### RECORDS PROVIDED
★ ★ ★
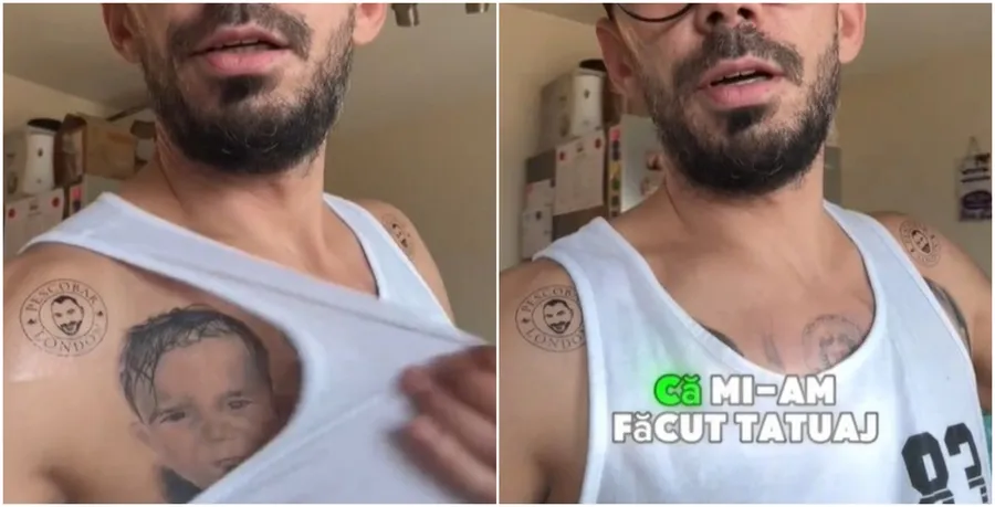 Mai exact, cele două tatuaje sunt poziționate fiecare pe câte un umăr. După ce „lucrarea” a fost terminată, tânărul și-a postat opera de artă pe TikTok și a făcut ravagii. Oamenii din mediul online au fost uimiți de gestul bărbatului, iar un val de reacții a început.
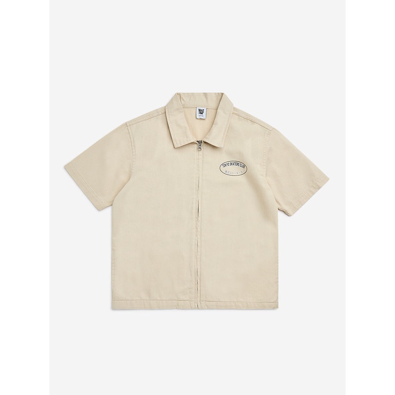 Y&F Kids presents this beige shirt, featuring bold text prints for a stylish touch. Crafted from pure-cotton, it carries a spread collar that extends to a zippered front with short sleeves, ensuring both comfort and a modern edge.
★ ★ ★
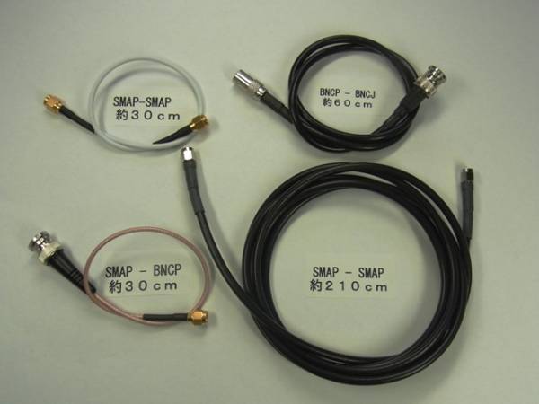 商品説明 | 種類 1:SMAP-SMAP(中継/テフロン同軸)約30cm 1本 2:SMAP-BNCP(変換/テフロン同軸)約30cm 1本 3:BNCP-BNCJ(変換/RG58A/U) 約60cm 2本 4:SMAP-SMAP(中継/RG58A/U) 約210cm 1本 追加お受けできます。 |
★ ★ ★
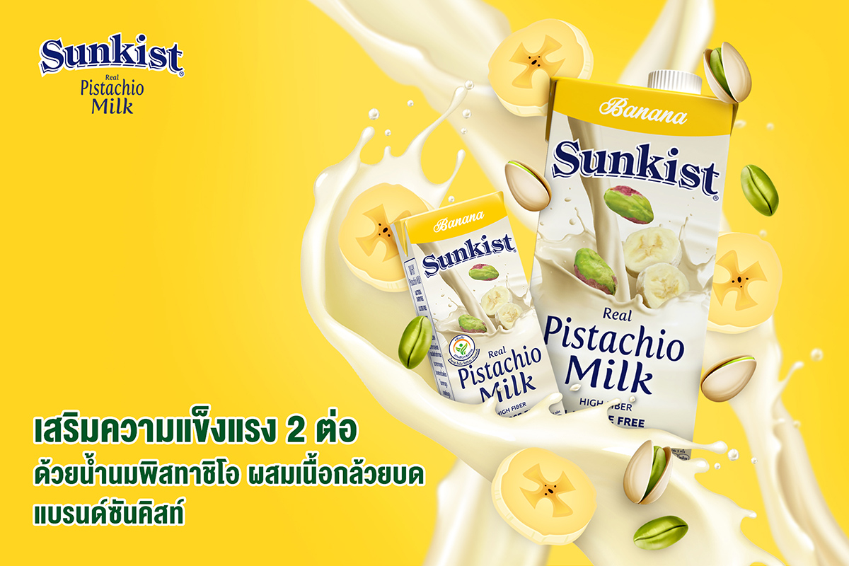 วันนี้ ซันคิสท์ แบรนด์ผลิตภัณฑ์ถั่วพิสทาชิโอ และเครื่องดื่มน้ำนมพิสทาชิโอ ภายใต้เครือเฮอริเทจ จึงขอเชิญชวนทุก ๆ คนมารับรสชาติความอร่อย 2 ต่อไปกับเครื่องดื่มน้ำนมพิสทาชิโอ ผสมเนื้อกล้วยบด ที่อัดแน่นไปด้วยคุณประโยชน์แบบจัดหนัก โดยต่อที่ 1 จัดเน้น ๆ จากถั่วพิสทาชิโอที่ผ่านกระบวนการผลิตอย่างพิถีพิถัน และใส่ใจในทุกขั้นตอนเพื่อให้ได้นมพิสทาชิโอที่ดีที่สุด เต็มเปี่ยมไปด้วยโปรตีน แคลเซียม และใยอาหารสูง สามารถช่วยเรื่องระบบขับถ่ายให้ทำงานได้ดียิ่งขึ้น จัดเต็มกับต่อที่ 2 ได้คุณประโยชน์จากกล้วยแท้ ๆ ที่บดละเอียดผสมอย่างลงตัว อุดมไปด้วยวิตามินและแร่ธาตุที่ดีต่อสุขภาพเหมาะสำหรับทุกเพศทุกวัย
★ ★ ★
### TASK REQUIREMENTS
What do the entries above read from the line containing "Mai exact, cele" through the line containing "Y&F Kids presents"? Output those lines exactly, both ends included, with the pictures left out.

### ANSWER SECTION
 Mai exact, cele două tatuaje sunt poziționate fiecare pe câte un umăr. După ce „lucrarea” a fost terminată, tânărul și-a postat opera de artă pe TikTok și a făcut ravagii. Oamenii din mediul online au fost uimiți de gestul bărbatului, iar un val de reacții a început.
 Y&F Kids presents this beige shirt, featuring bold text prints for a stylish touch. Crafted from pure-cotton, it carries a spread collar that extends to a zippered front with short sleeves, ensuring both comfort and a modern edge.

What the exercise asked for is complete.